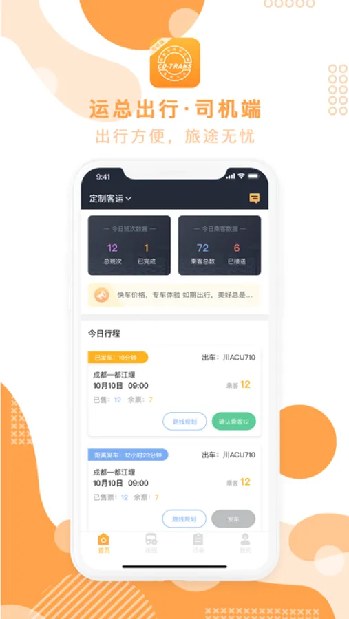 “运总出行”,是一款智能综合出行APP,是集城际专车、汽车票、旅游以及包车等多种产品为一体的网络服务平台。在“互联网+”的时代背景下,公司依托于自有的营运大巴、车站、等线下一体化资源,以移动互联网整合传统运输业,推出专业、安全、全面的智能出行平台—“运总出行”旨在为大众出行提供便捷出行服务
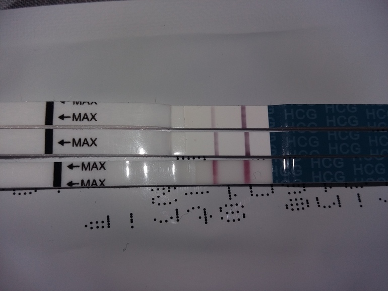 Ну что,сегодня 2 день задержки и я заканчиваю свою тестоманию. Полосочки сравнялись и смысла дальше делать тесты не вижу. Вот так неожиданно у нас получилася малыш, не представлчю пока,как буду справлятся с 4 детьми,а больше всего пугает мнение окружающих,но буду крепится и пытаться не нервничать. Если кому интересно могу рассказать про свои признаки Б,как я заподозрила за долго до дня Х. Всем хочушкам желаю скорейшего запузячивания,беременяшкам легкой беременности и здоровых деток. Мои тестики верхний за 2 дня до дня Х,средний день Х и нижний 2 день задержки.
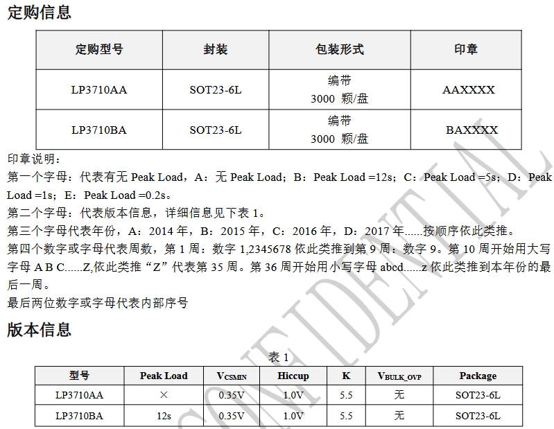 LP3710AA:封裝絲印為“AAXXXX”,其中“A”表示無Peak Load功能。
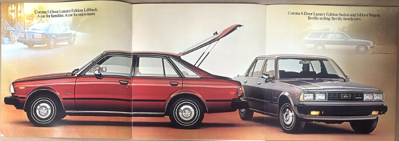 This is an original Toyota sales literature piece. It features a highlight on Toyota Corona with colored photos.
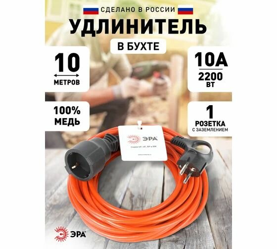 Удлинитель шнур силовой ЭРА UPx-1e-3x1-10m в бухте с заземлением, провод ПВС 3х1мм2 оранжевый, 1 штепсельное гнездо 10м, Б0048677 / электрика
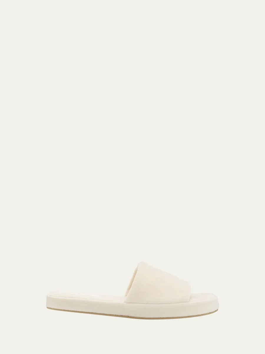 THE ROW "Pillow" cozy soft cotton slippers 0.25 in / 10 mm flat heel Open toe Wide band upper Slide style Rubber outsole Lining: Cotton Made in Italy
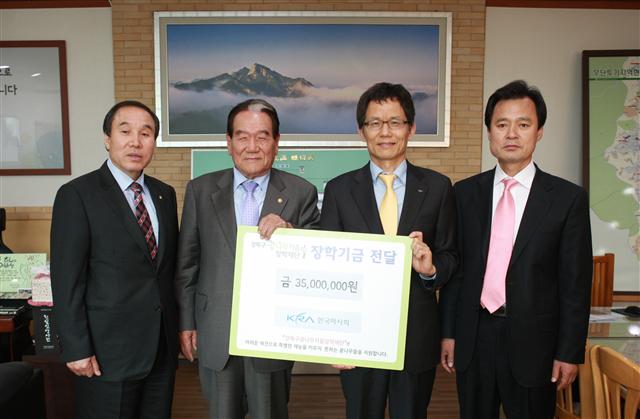 강북구는 8일 한국마사회 강북지사로부터 강북구 꿈나무키움장학재단에 쓰라며 장학금 3500만원을 지원받았다. 이날 오후 열린 장학금 기탁식에는 박겸수 강북구청장, 문성태 강북지사 지사장, 최기석 장학재단 이사장이 참석했다.
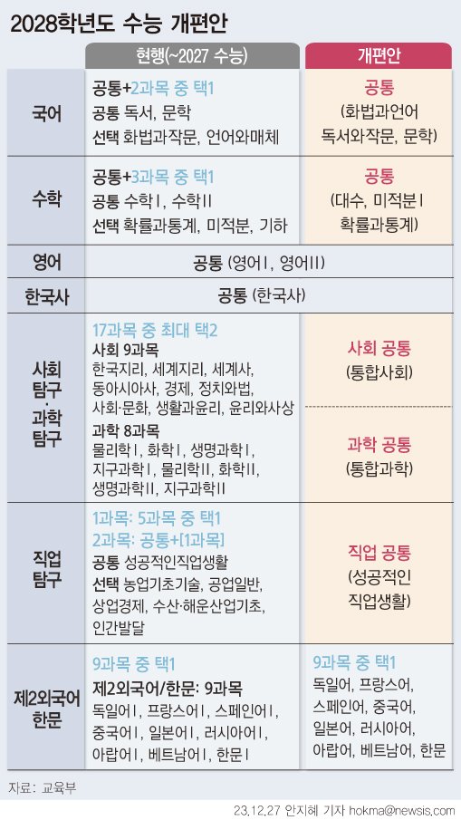 2028학년도 수능 수학부터 현행 문과 범위로
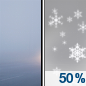 Temperature: 35°F Wind Speed: 7 mph Wind Direction: S Forecast: A chance of rain. Mostly cloudy, with a low around 35. Chance of precipitation is 50%. |
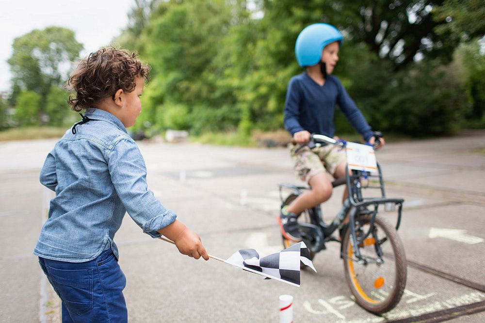 Na początku należy wyznaczyć trasę: najłatwiej oznaczyć ją kredą, na końcu zaś ustawiamy pionki. Zawodnikom należy przymocować numery startowe, a sędziego wyposażyć w stoper i flagę do oznaczania mety. Można zaczynać wyścig, a zwycięzca zostanie uhonorowany pięknym medalem.
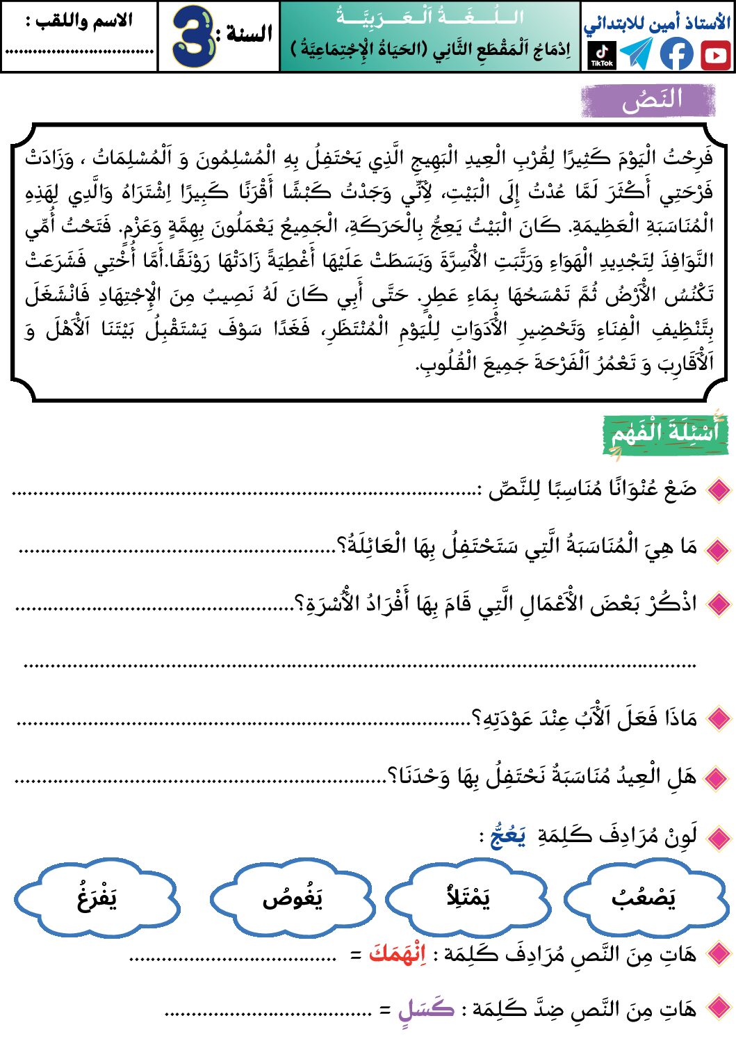 مادة اللغة العربية للسنة الثالثة ابتدائي : نموذج لإمتحان في الفصل الأول رقم 149- في مادة اللغة العربية مستوى السنة الثالثة ابتدائي الجيل الثاني ، السنة الدراسية: 2025/2026 مع التصحيح
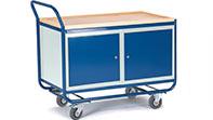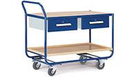 • Roulettes pivotantes avec blocage double : bandage en caoutchouc plein, roulements à rouleaux, chape en tôle d'acier galvanisé.
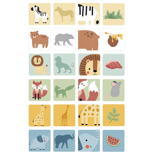 • 78 дървени блокчета с гравирани животински изображения (лъв, слон, жираф, маймуна и др.);
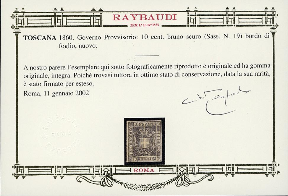 1860 - 10 cent. bruno, linea di riquadro verticale nel margine di foglio di sinistra (19g), nuovo, gomma originale integra, perfetto. Cert. ... Leggi tutto

____________

## PROBLEM STATEMENT
Could you set down the data exactly as given, minus its pictures?

## TASK OUTPUT
 “运总出行”,是一款智能综合出行APP,是集城际专车、汽车票、旅游以及包车等多种产品为一体的网络服务平台。在“互联网+”的时代背景下,公司依托于自有的营运大巴、车站、等线下一体化资源,以移动互联网整合传统运输业,推出专业、安全、全面的智能出行平台—“运总出行”旨在为大众出行提供便捷出行服务
 Ну что,сегодня 2 день задержки и я заканчиваю свою тестоманию. Полосочки сравнялись и смысла дальше делать тесты не вижу. Вот так неожиданно у нас получилася малыш, не представлчю пока,как буду справлятся с 4 детьми,а больше всего пугает мнение окружающих,но буду крепится и пытаться не нервничать. Если кому интересно могу рассказать про свои признаки Б,как я заподозрила за долго до дня Х. Всем хочушкам желаю скорейшего запузячивания,беременяшкам легкой беременности и здоровых деток. Мои тестики верхний за 2 дня до дня Х,средний день Х и нижний 2 день задержки.
 LP3710AA:封裝絲印為“AAXXXX”,其中“A”表示無Peak Load功能。
 This is an original Toyota sales literature piece. It features a highlight on Toyota Corona with colored photos.
 Удлинитель шнур силовой ЭРА UPx-1e-3x1-10m в бухте с заземлением, провод ПВС 3х1мм2 оранжевый, 1 штепсельное гнездо 10м, Б0048677 / электрика
 THE ROW "Pillow" cozy soft cotton slippers 0.25 in / 10 mm flat heel Open toe Wide band upper Slide style Rubber outsole Lining: Cotton Made in Italy
 강북구는 8일 한국마사회 강북지사로부터 강북구 꿈나무키움장학재단에 쓰라며 장학금 3500만원을 지원받았다. 이날 오후 열린 장학금 기탁식에는 박겸수 강북구청장, 문성태 강북지사 지사장, 최기석 장학재단 이사장이 참석했다.
 2028학년도 수능 수학부터 현행 문과 범위로
 Temperature: 35°F Wind Speed: 7 mph Wind Direction: S Forecast: A chance of rain. Mostly cloudy, with a low around 35. Chance of precipitation is 50%. |
 Na początku należy wyznaczyć trasę: najłatwiej oznaczyć ją kredą, na końcu zaś ustawiamy pionki. Zawodnikom należy przymocować numery startowe, a sędziego wyposażyć w stoper i flagę do oznaczania mety. Można zaczynać wyścig, a zwycięzca zostanie uhonorowany pięknym medalem.
 مادة اللغة العربية للسنة الثالثة ابتدائي : نموذج لإمتحان في الفصل الأول رقم 149- في مادة اللغة العربية مستوى السنة الثالثة ابتدائي الجيل الثاني ، السنة الدراسية: 2025/2026 مع التصحيح
 • Roulettes pivotantes avec blocage double : bandage en caoutchouc plein, roulements à rouleaux, chape en tôle d'acier galvanisé.
 • 78 дървени блокчета с гравирани животински изображения (лъв, слон, жираф, маймуна и др.);
 1860 - 10 cent. bruno, linea di riquadro verticale nel margine di foglio di sinistra (19g), nuovo, gomma originale integra, perfetto. Cert. ... Leggi tutto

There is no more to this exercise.